SharePoint Search! This is not a new topic at all but is certainly the most important area to be explored in SharePoint. Microsoft boasts about SharePoint's search functionality as one of the best in the world. SharePoint uses full text searching in order to retrieve relevant information from a number of documents. Search works quite well when it comes to the most popular formats like doc, txt, htm, xls, and ppt but fails in the case of mht, aspx, asp, etc. PDF is not supported by default and one has to install the iFilter that can be downloaded from the Adobe site. Install the filter, tweak your configuration files and within minutes, you will be able to index and search PDF documents. Here are some links that show how to enable PDF searching in SharePoint:

http://support.microsoft.com/?id=555209

http://support.microsoft.com/default.aspx?scid=kb;EN-US;832809

You will notice that the link shown in the above article takes you to the Adobe site where you can download iFilter v5.0. For your information, Adobe has release iFilter v6.0 as well, which is available for downloading. You can download it here:

http://www.adobe.com/support/downloads/detail.jsp?ftpID=2611

These filters help you index Adobe PDF documents with Microsoft Indexing clients. This allows the user to easily search for text with in the PDF documents.
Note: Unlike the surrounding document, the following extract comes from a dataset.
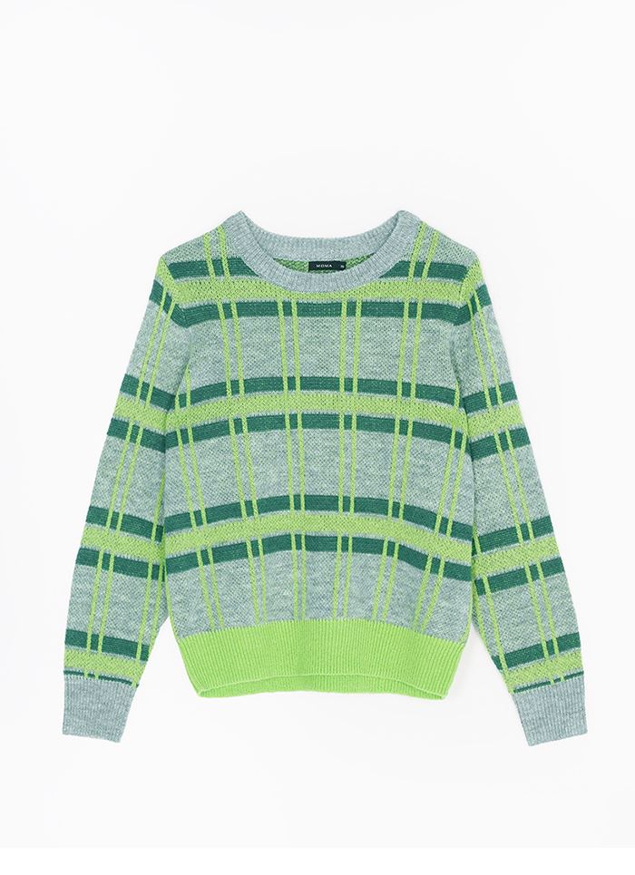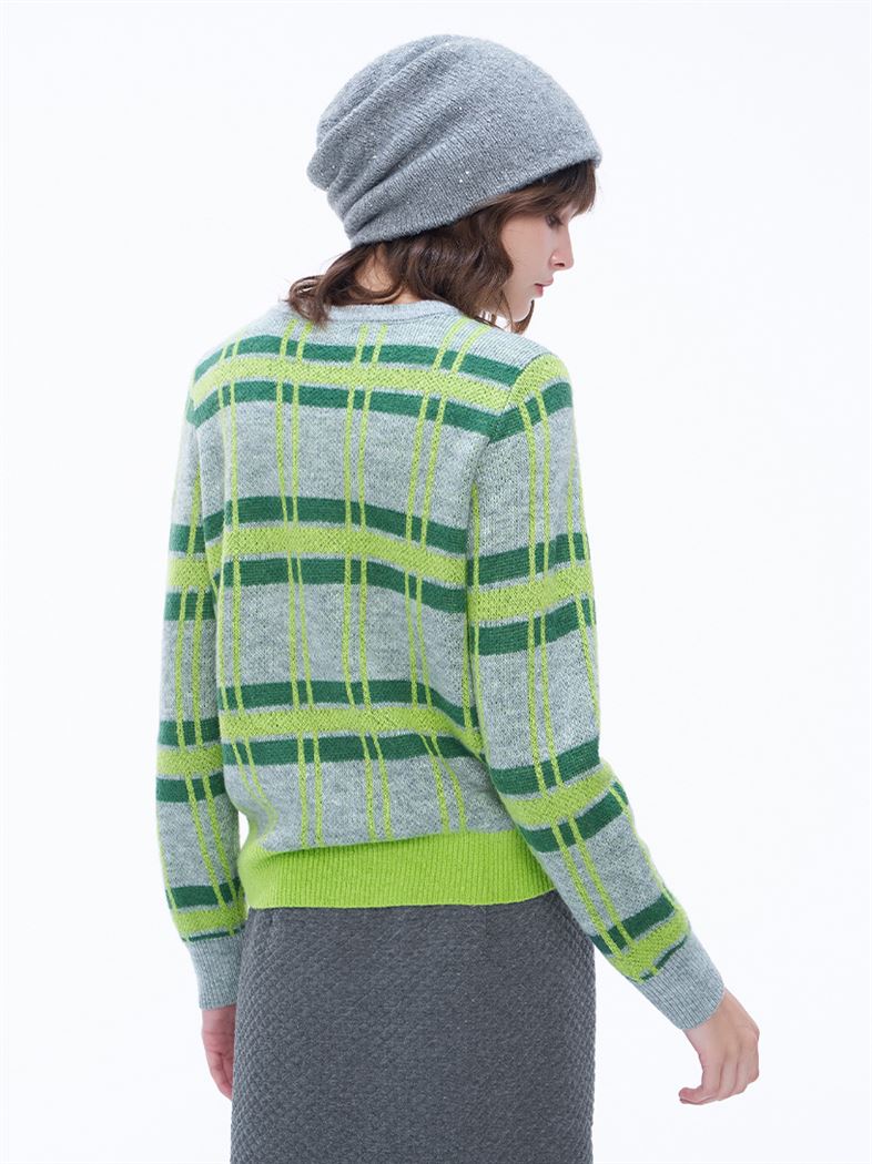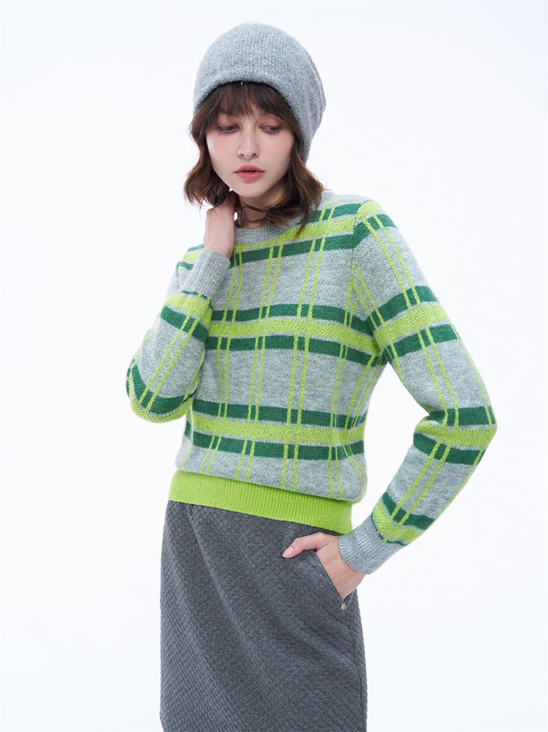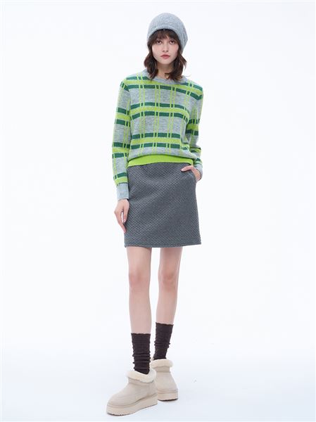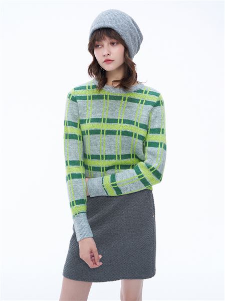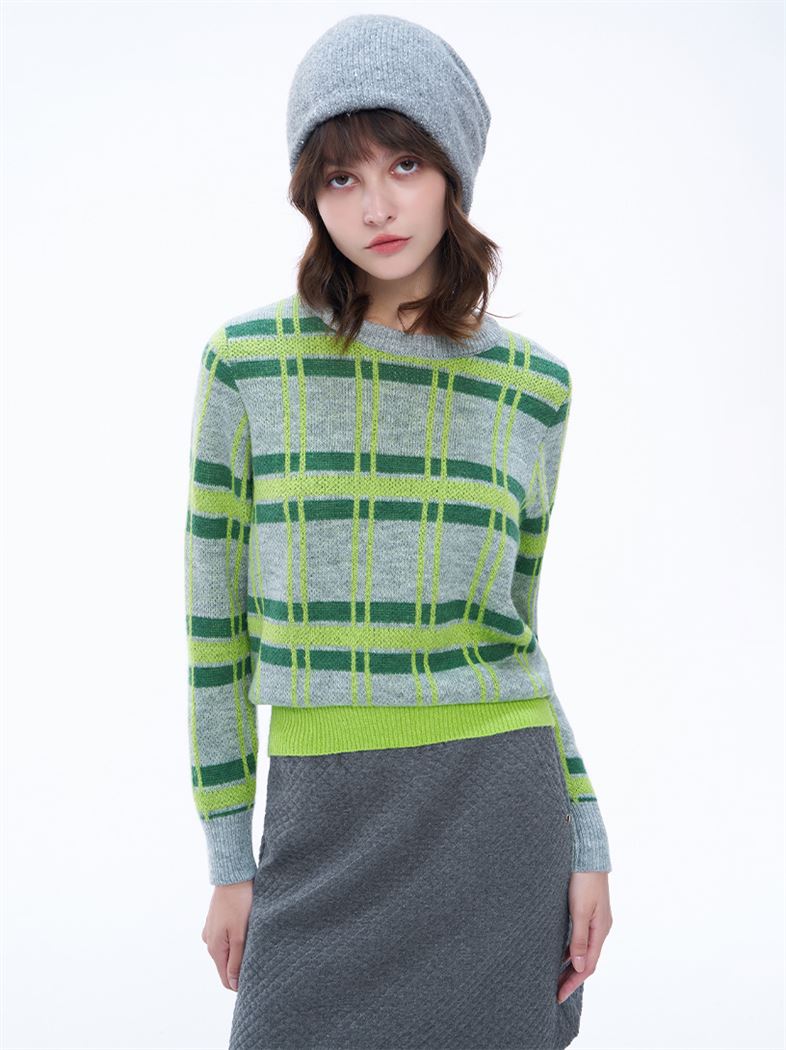 推薦同款粉色穿搭 跳脫方格條紋羊毛針織上衣-桃 請點我

Theoretically, SharePoint searches following document types:

  • ascx - ascx document
  • asp - asp document
  • aspx - aspx document
  • doc - Microsoft Word Document
  • dot - Microsoft Word Template
  • eml - Internet E-Mail Message
  • exch - exch document
  • htm - HTML Document
  • html - HTML Document
  • jhtml - jhtml document
  • jsp - jsp document
  • mht - MHTML Document
  • mhtml - MHTML Document
  • nsf - nsf document
  • odc - Microsoft Office Data Connection
  • ppt - Microsoft PowerPoint Presentation
  • pub - Microsoft Office Publisher Document
  • tif - Microsoft Office Document Imaging File
  • tiff - Microsoft Office Document Imaging File
  • txt - Text Document
  • url - Internet Shortcut
  • vdx - vdx document
  • vsd - vsd document
  • vss - vss document
  • vst - vst document
  • vsx - vsx document
  • vtx - vtx document
  • xls - Microsoft Excel Worksheet
  • xml - XML Document

Practically, not all documents are returned in the results even if you provided correct keywords. Please read this great article from Bil Simser:

http://weblogs.asp.net/bsimser/archive/2004/10/06/238787.aspx

Things to remember:

  1. Restart your IIS after adding a new iFilter. You don't need to restart your machine.
  2. iFilter must be installed on the machine where your SQL Server is and not on the machine where your SharePoint front end is installed.